Company law requires the directors to prepare financial statements for each financial year. Under that law the directors have elected to prepare the financial statements in accordance with applicable law and United Kingdom Accounting Standards (United Kingdom Generally Accepted Accounting Practice), including Financial Reporting Standard 102 ‘The Financial Reporting Standard applicable in the UK and Republic of Ireland'. Under company law the directors must not approve the financial statements unless they are satisfied that they give a true and fair view of the state of affairs of the Company and of the profit or loss of the Company for that period.
In preparing these financial statements, the directors are required to:
∙select suitable accounting policies for the Company's financial statements and then apply them consistently;
∙make judgements and accounting estimates that are reasonable and prudent;
∙state whether applicable UK Accounting Standards, comprising FRS 102 have been followed, subject to any material departures disclosed and explained in the financial statements;
∙prepare the financial statements on the going concern basis unless it is inappropriate to presume that the Company will continue in business.

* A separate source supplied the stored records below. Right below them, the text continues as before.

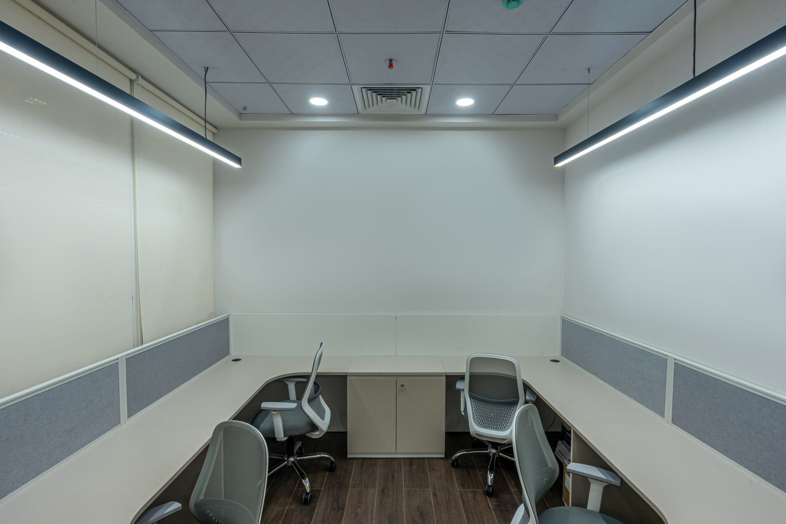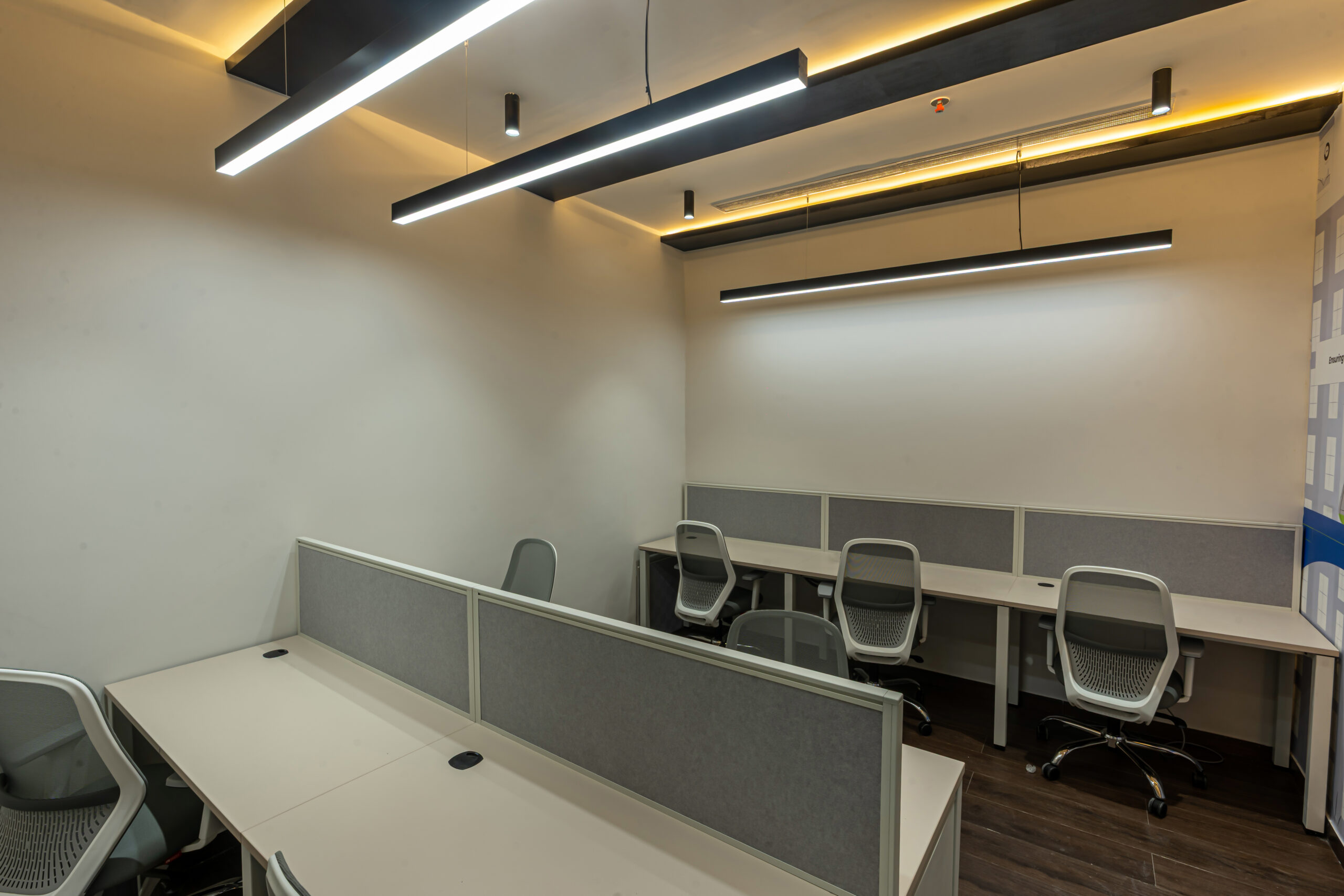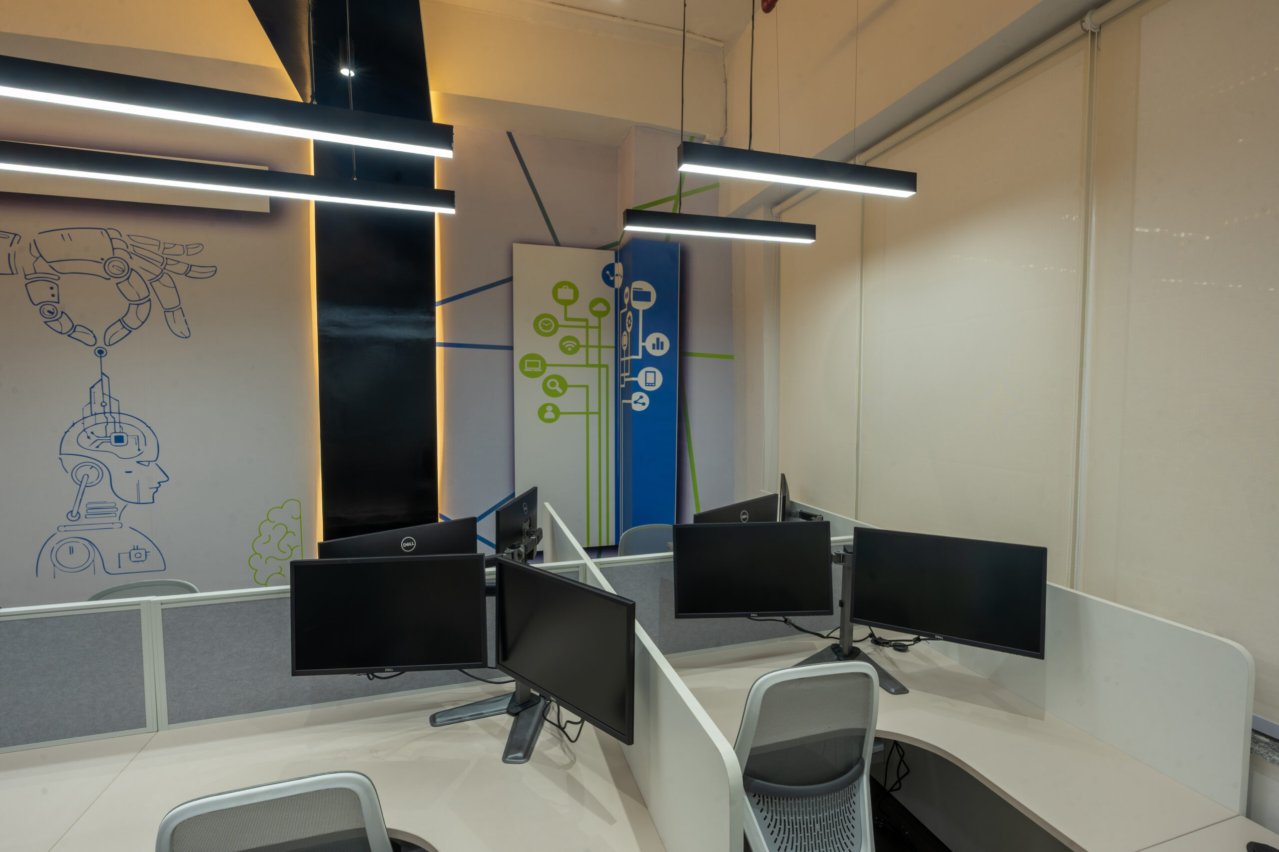 Strategic space planning ensures efficient circulation, ergonomic workstation layouts, and collaborative zones that support productivity. Acoustic treatments and transparent meeting rooms create a balance between open-plan workspace design and focused work areas.
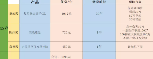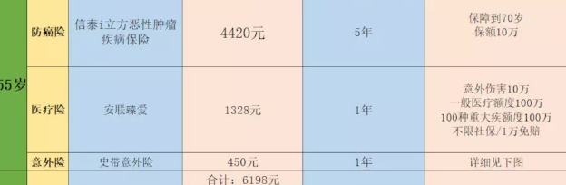 主要基于6000元每年保費的預(yù)算,45歲和50歲的重大疾病保險計劃采用消費型嚴重的疾病風(fēng)險。在55歲時,它是防癌險,價格比重疾險便宜,抗癌健康告知更放松。一些有身體狀況的父母更容易通過核保。
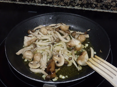 Escurrir la pasta y mezclar con los boletus al ajillo...
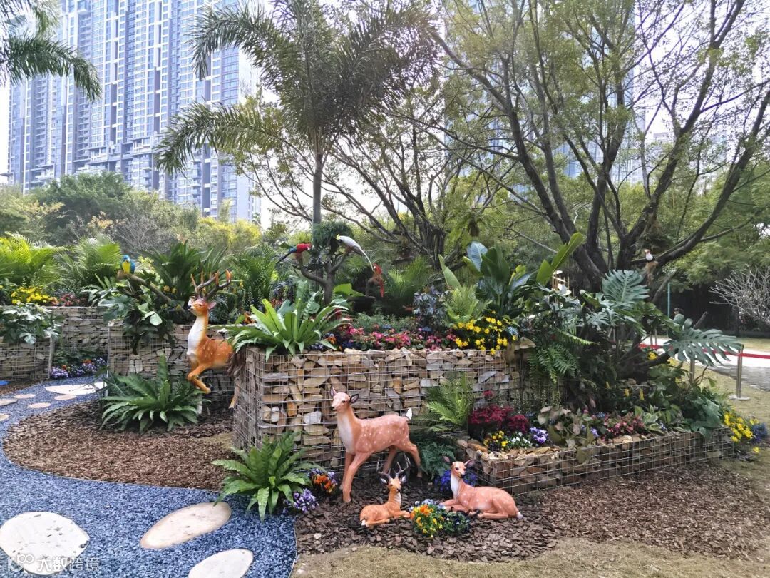 该作品由名卉公司下属嘉卉公司设计施工。以植物岛屿为花园脉络,搭配石笼花槽与雨林植物的植物类群,共同模拟自然林间地形及生境,为动物们提供环境类丰容体验,给花园带来自然感和层次感;可爱的小鹿穿行于林间,鹦鹉等鸟类落在枝头,构成一幅和谐自然的生态画卷。
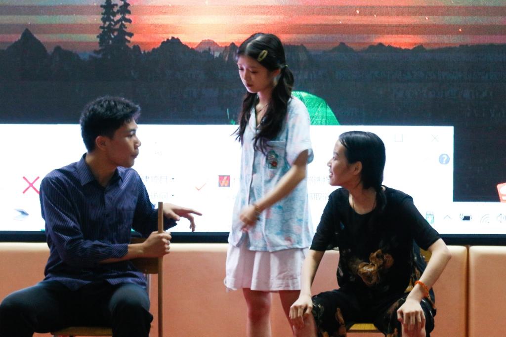 节目进行过程中,由于天公不作美,突如其来的暴雨打乱了演出的计划,这一场大雨使我们的晚会不得不暂停。为使晚会能够继续举行,我们将舞台转至教学楼D101。暴雨浇不灭表演者们似火的热情,即使在条件受限的教室里,表演者们仍然为我们呈现了别样的精彩表演。
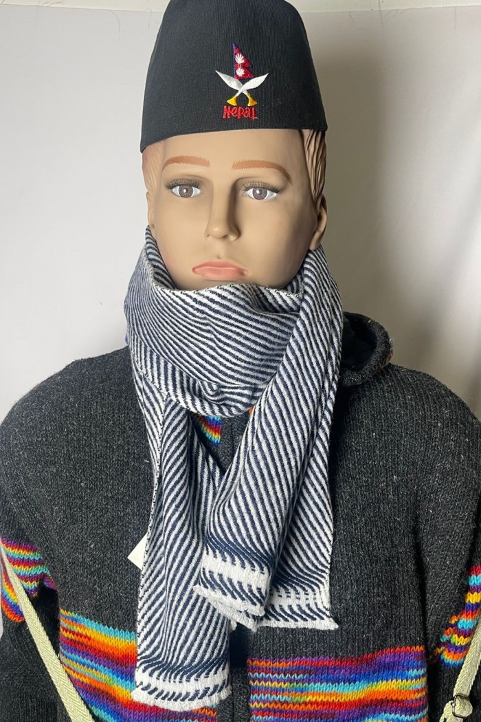 Discover refined sophistication with this exclusive navy and white striped cashmere scarf, handcrafted by skilled artisans in Nepal using premium pure cashmere. The striking diagonal stripes in deep navy blue and bright white create a versatile herringbone pattern that adds depth and character, making it a standout accessory for any season.
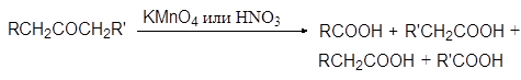 Кетоны значительно более устойчивы к окислению, чем альдегиды, т. к. рядом с карбонильной группой у них нет атома водорода. Кетоны не восстанавливают ни реактив Фелинга ни реактив Толленса. Сильные окислители, такие как перманганат калия и азотная кислота окисляют кетоны
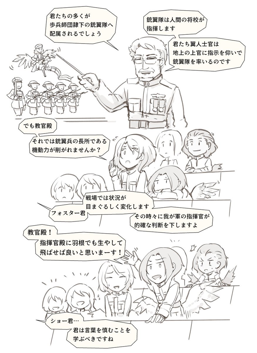 翼人に好意的な考えから、何かと苦労が続く王立軍将校
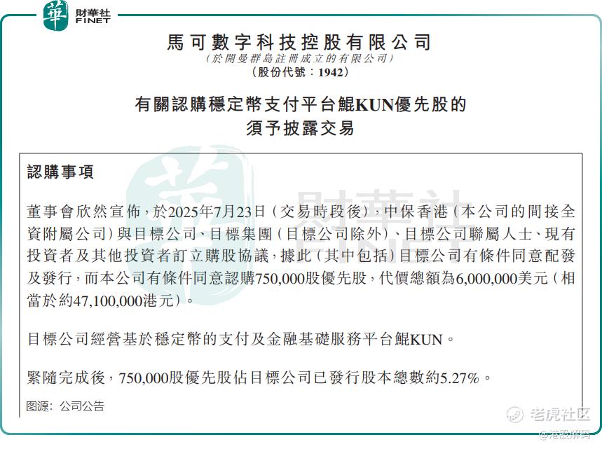 近日,前脚刚配股筹资约1亿港元的 $马可数字科技(01942)$ ,右脚就投资了稳定币平台,其以600万美元认购稳定币支付平台鲲KUN优先股,获得后者5.27%股权。

The directors are responsible for keeping adequate accounting records that are sufficient to show and explain the Company's transactions and disclose with reasonable accuracy at any time the financial position of the Company and to enable them to ensure that the financial statements comply with the Companies Act 2006. They are also responsible for safeguarding the assets of the Company and hence for taking reasonable steps for the prevention and detection of fraud and other irregularities.
The directors are responsible for the maintenance and integrity of the corporate and financial information included on the
Company's website. Legislation in the United Kingdom governing the preparation and dissemination of financial statements
and other information included in Directors' Reports may differ from legislation in other jurisdictions.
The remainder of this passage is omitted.